FREEPORT - The creation of two national parks in East Grand Bahama, the Gap Marine National Park and the East Grand Bahama National Park, got the overwhelming support of residents of the area and stakeholders attending a townhall meeting in Pelican Point on June 5. During this meeting, government ministers dispelled the concerns of local fishermen that the areas proposed by the country's three major conservationist organizations would be declared a "no-take zone", effectively prohibiting fishing.
Minister of the Environment and Housing Kenred Dorsett said the areas being proposed will be given special protection so that fishing, diving, boating and other recreational/commercial activities will be allowed.
Dorsett, Minister for Grand Bahama Dr. Michael Darville and Minister of Agriculture, Marine Resources and Local Government V. Alfred Gray all gave East Grand Bahama residents and others in attendance at the townhall meeting a clear understanding of what is being proposed.
The proposals advanced by non-governmental organizations the Bahamas National Trust, the Bahamas Reef Environmental Education Foundation (BREEF) and The Nature Conservancy following earlier consultancy and discussions with East End residents that yielded the boundaries that are expected to be forwarded to the government as a part of a Grand Bahama Marine Protected Area.
The North Shore - The Gap National Park
This proposed area is approximately 280,000 acres, and Grand Bahamians know this area as "The Gap". This name dates back to the 1950s at North Riding Point, when the pulpwood loading terminal was constructed.

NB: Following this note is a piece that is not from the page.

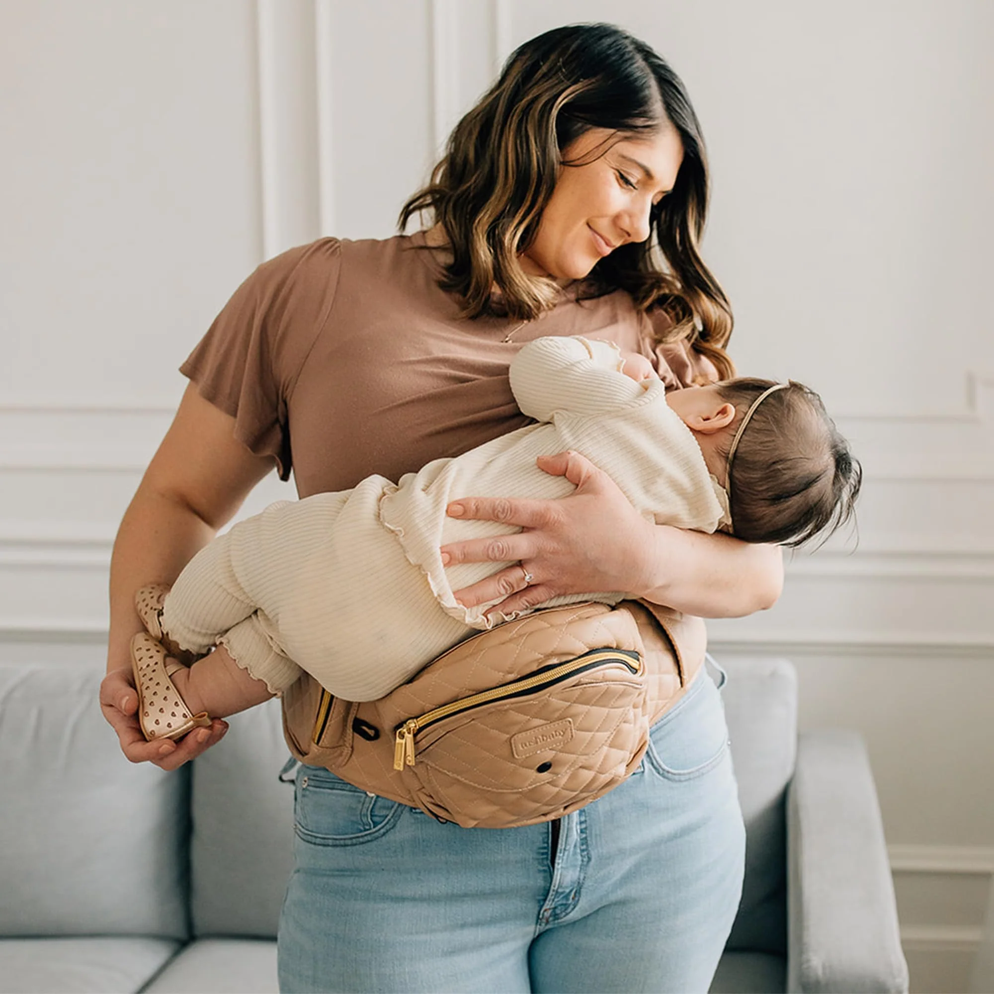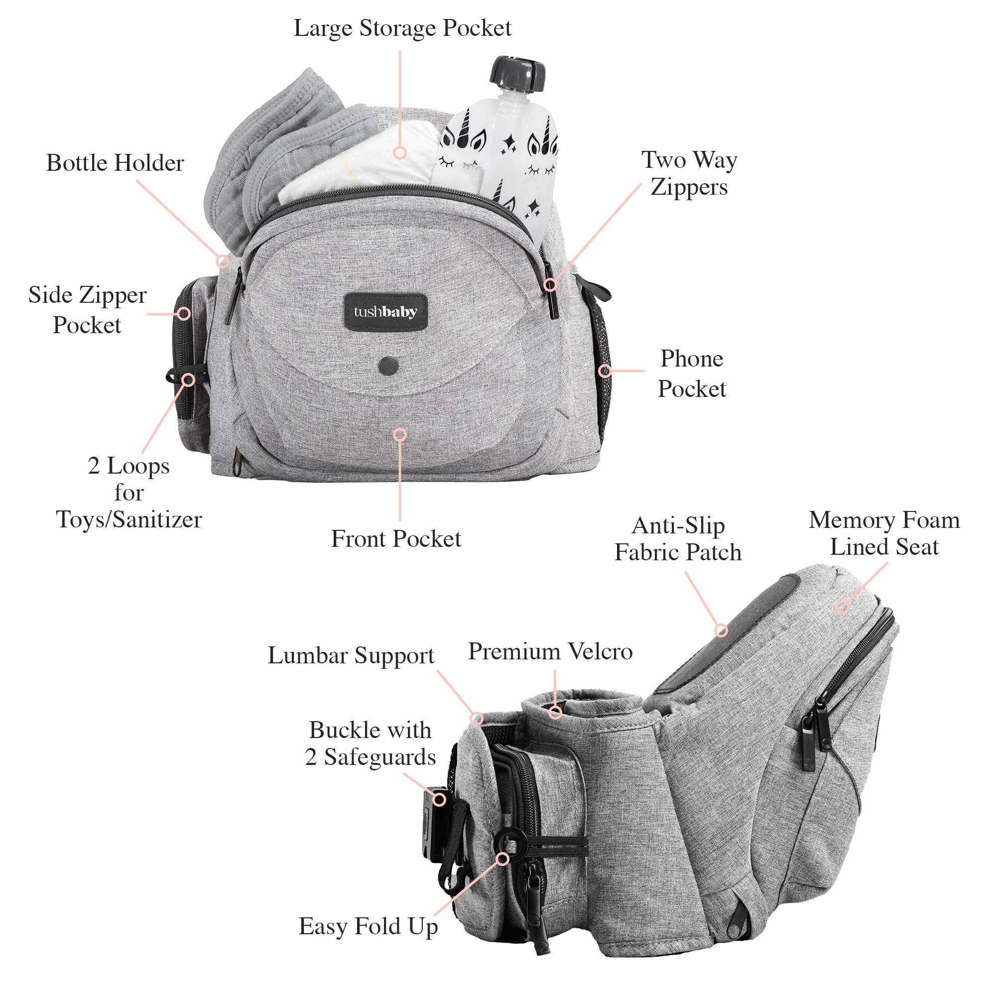 - MULTIPLE STORAGE POCKETS: TushBaby doubles as a diaper bag with large storage pockets. Throw diapers and wipes in the storage beneath the seat. Access your keys. phone. and pacifiers in the side pockets. Store a bottle in the holder. Attach toys & sanitizer to the loops. And fold it right up for easy transport. Leave your stroller. clunky carrier. purse. and diaper bag in the minivan.

Workers and their families lived at a logging camp community of 200 homes near the terminal, and this community of residences became known as "The Gap". Although these settlers dispersed at the end of the logging period, the area has retained the name to this day. The physical attributes of The Gap consist of mangrove wetlands, tidal creeks, sand and mud flats, beach strand and rocky shores, blue holes and unexplored karst cave system northeast of Dover Sound.

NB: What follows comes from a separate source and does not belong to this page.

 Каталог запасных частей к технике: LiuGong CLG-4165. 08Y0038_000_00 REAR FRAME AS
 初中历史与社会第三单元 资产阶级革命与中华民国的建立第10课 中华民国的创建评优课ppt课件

Fifty percent of the land within the park is owned by the Grand Bahama Development Company and the Grand Bahama Port Authority. Beyond the boundaries of Freeport is the government-owned land. Water Cay is the only inhabited area in this proposed site, however, the waters surrounding this cay are earmarked for protection.
East Grand Bahama National Park
This area is located south of Sweetings' Cay and spans over 12,500 acres. Many fishing habitats exist because of the tidal creeks in the area. The cited area possesses mangrove forests, an offshore reef system, explored blue hole systems and an undisturbed underground karst system.
Recently, a rapid ecological assessment was completed in the area by the Bahamas National Trust that generated biological information on the health of the marine and terrestrial ecosystems and the areas important for bonefish.